Monday, September 7, 2009

Activity 14 - Pattern Recognition

Classifying objects accurately based on visual information is one of the most basic yet interesting and amazing representation of how the human brain and the human senses work together. Characterization of objects usually starts with identifying the kinds or classes of objects. This can be done by first defining the basic features of the objects in a class, usually by shape, size or color, that can be used to easily discriminate objects among different classes. The human brain stores this knowledge of features of objects in a class and also determining the main differences in the basic features among classes. Using this information, new objects can be classified based on the basic features compared with that defined for the classes, finding out to which class its set of features most closely resembles.
This is the model used by computer vision for automatically classifying objects based on visual information. The process revolves around pattern recognition by creating the set of basic features for an object to serve as pattern. Image processing techniques can be applied to provide the automated gathering of basic feature sets. Classes are defined by the patterns of objects belonging to that class. Then, new objects, having features to be classified are determined on which class they fall into.

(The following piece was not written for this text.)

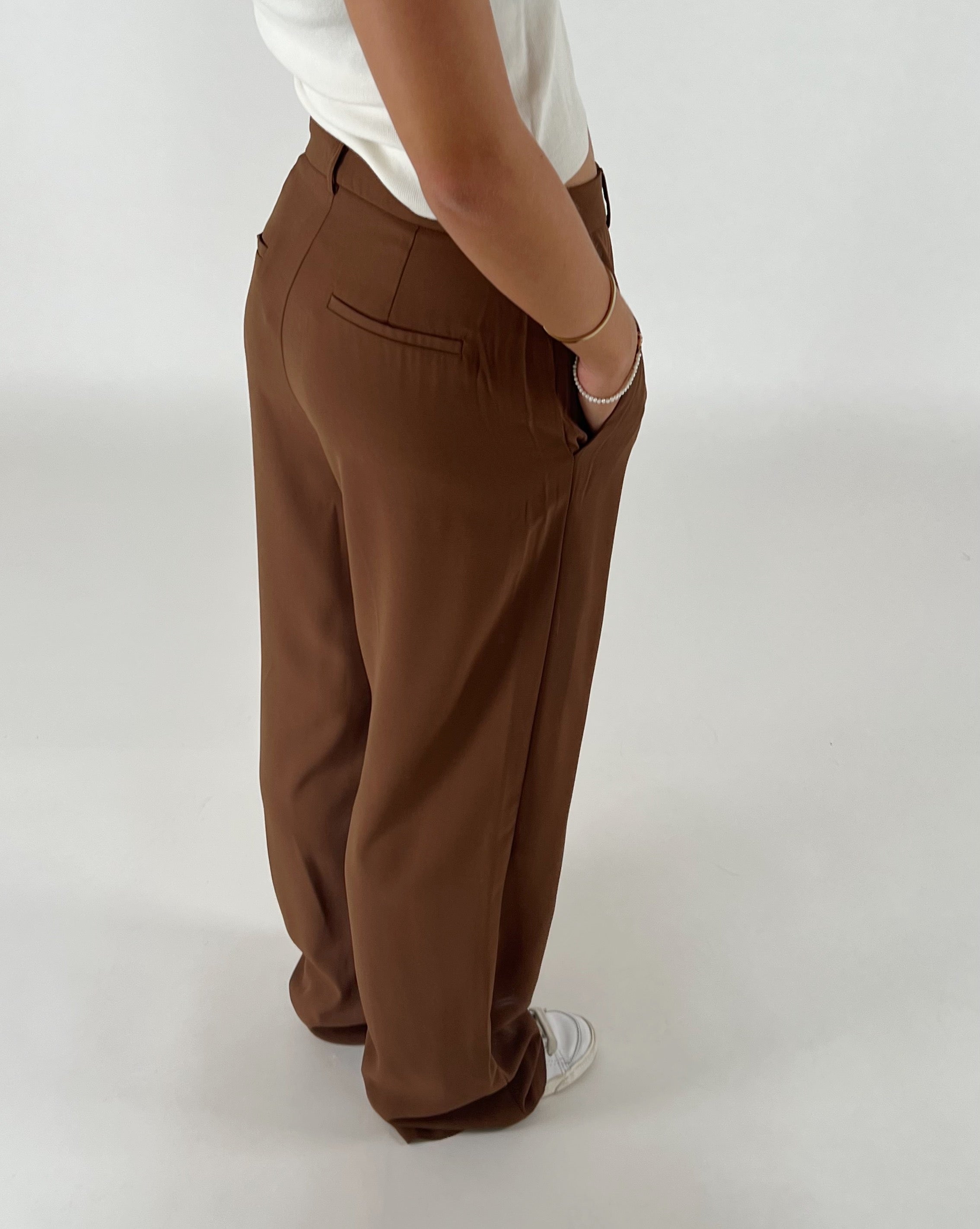 Brune bukser bæres af en person, der står med hånden i lommen. Konteksten er et neutralt, lysegråt rum.

Minimum distance classification is one way of quantifying the resemblance of a pattern of an unclassified object to the patterns of different classes of objects. The principle basically follows the fact that the object can be classified to a class to which its set of features has the least distance from the mean of the features of the objects from that class. By having the set of features contained in a feature vector (each element represents a feature and each vector represents an object), the distance can be calculated using the Euclidean distance formula.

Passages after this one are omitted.